- _Work item_:
Copy out the whole listing exactly as written, leaving the pictures behind.

- _Data excerpt_:
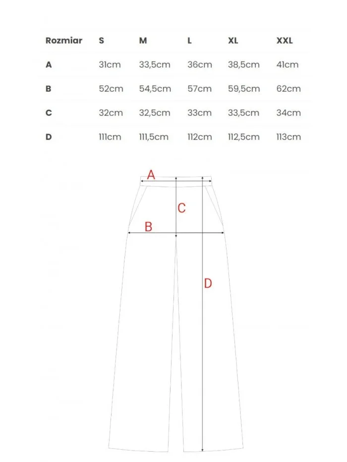95% polyester 5% elastan MATERIÁL Materiál: lehká strukturovaná tkanina (krep), matný povrch PODROBNOSTI O PRODUKTU Pas: vysoký, elastický pás Zapínání: nazouvací (bez zipu) Kapsy: žádné Model: M862 Navrženo a vyrobeno v Polsku Modelka na fotografii měří 171 cm a má na sobě velikost S STŘIH A VÝSTŘIH Střih: volný Tvar: široké kalhoty Délka: po celé délce
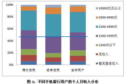通過(guò)對(duì)不同手機(jī)銀行用戶的個(gè)人月收入分布可以看出,經(jīng)常使用手機(jī)銀行業(yè)務(wù)的用戶的個(gè)人月收入偏高,其中,個(gè)人月收入5000元以上的比例為15.4%,2500元以上的比例為52.2%,均高于偶爾使用手機(jī)銀行業(yè)務(wù)的用戶。事實(shí)上,經(jīng)常使用手機(jī)銀行業(yè)務(wù)的用戶由于收入偏高且手機(jī)銀行使用頻率高,必然成為手機(jī)銀行業(yè)務(wù)的核心客戶,這一較為富裕的目標(biāo)群體將在很大程度上促進(jìn)手機(jī)銀行業(yè)務(wù)的繁榮。
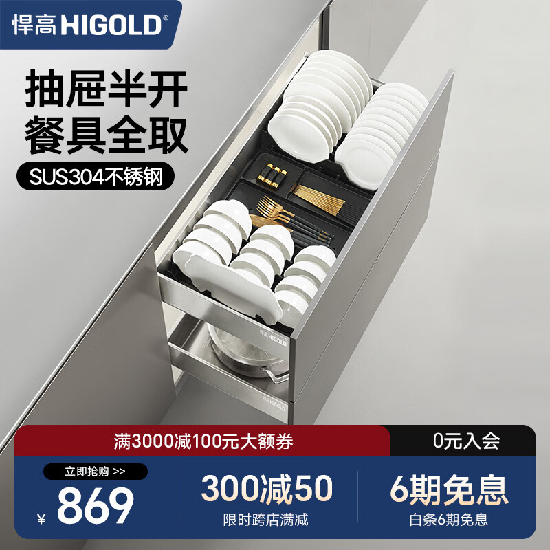 悍高(HIGOLD)厨房橱柜拉篮抽屉式304不锈钢碗碟拉篮碗架双层碗篮 900柜PDL2.0套装-可放鱼碟
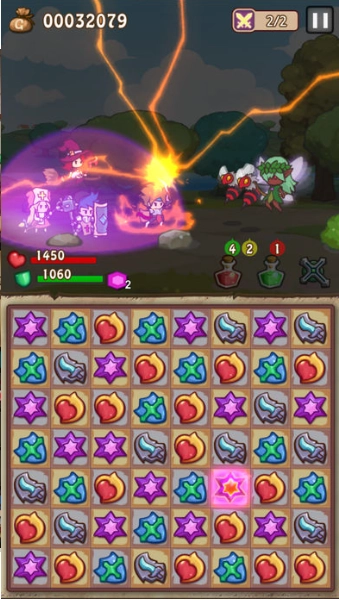 把消除类游戏的核心玩法和回合制角色扮演游戏的机制相融合,四种基础图案各自关联着不同的战斗操作指令。当玩家完成特殊形状的消除组合,比如L形或T形的匹配时,就能解锁威力更强的技能;而一旦达成连续五个相同图案的消除,更能释放出终结性的超强必杀招式。

- _Solution_:
95% polyester 5% elastan MATERIÁL Materiál: lehká strukturovaná tkanina (krep), matný povrch PODROBNOSTI O PRODUKTU Pas: vysoký, elastický pás Zapínání: nazouvací (bez zipu) Kapsy: žádné Model: M862 Navrženo a vyrobeno v Polsku Modelka na fotografii měří 171 cm a má na sobě velikost S STŘIH A VÝSTŘIH Střih: volný Tvar: široké kalhoty Délka: po celé délce
通過(guò)對(duì)不同手機(jī)銀行用戶的個(gè)人月收入分布可以看出,經(jīng)常使用手機(jī)銀行業(yè)務(wù)的用戶的個(gè)人月收入偏高,其中,個(gè)人月收入5000元以上的比例為15.4%,2500元以上的比例為52.2%,均高于偶爾使用手機(jī)銀行業(yè)務(wù)的用戶。事實(shí)上,經(jīng)常使用手機(jī)銀行業(yè)務(wù)的用戶由于收入偏高且手機(jī)銀行使用頻率高,必然成為手機(jī)銀行業(yè)務(wù)的核心客戶,這一較為富裕的目標(biāo)群體將在很大程度上促進(jìn)手機(jī)銀行業(yè)務(wù)的繁榮。
 悍高(HIGOLD)厨房橱柜拉篮抽屉式304不锈钢碗碟拉篮碗架双层碗篮 900柜PDL2.0套装-可放鱼碟
 把消除类游戏的核心玩法和回合制角色扮演游戏的机制相融合,四种基础图案各自关联着不同的战斗操作指令。当玩家完成特殊形状的消除组合,比如L形或T形的匹配时,就能解锁威力更强的技能;而一旦达成连续五个相同图案的消除,更能释放出终结性的超强必杀招式。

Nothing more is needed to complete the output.